Task details
Give back the full listing as written. No pictures go with it.

Information shown
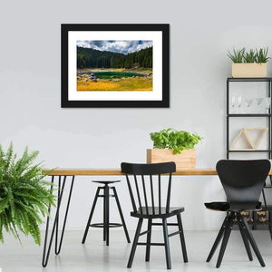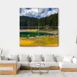 Capture the serene beauty of Italy's Carezza Alpine Lake with this canvas wall art. Featuring lush green forests, rocky shores, and a tranquil lake under a cloudy sky, it brings a touch of nature’s peace to your space.
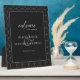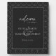 These elegant minimalist white on black wedding table top signs feature a background zen circle design with placeholders to add the wedding couple's names and the wedding date.
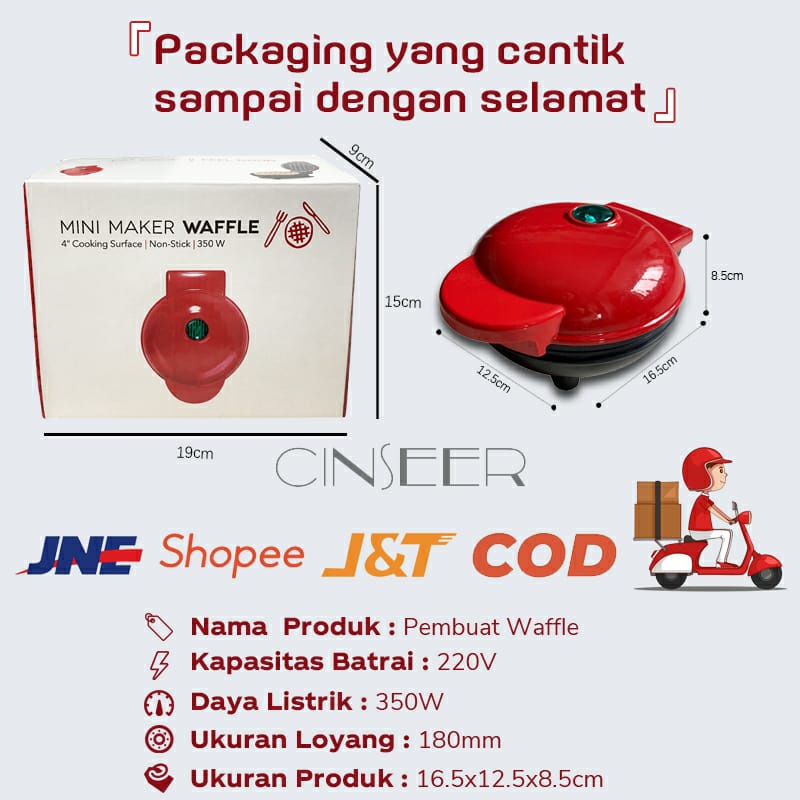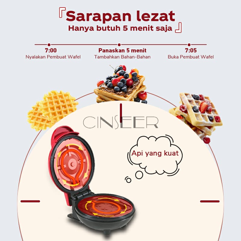 CINSEER mini maker waffle elektrik / mesin pembuat waffle pizza sandwich mini non stick E-ROSH anti lengket

Written reply
 Capture the serene beauty of Italy's Carezza Alpine Lake with this canvas wall art. Featuring lush green forests, rocky shores, and a tranquil lake under a cloudy sky, it brings a touch of nature’s peace to your space.
 These elegant minimalist white on black wedding table top signs feature a background zen circle design with placeholders to add the wedding couple's names and the wedding date.
 CINSEER mini maker waffle elektrik / mesin pembuat waffle pizza sandwich mini non stick E-ROSH anti lengket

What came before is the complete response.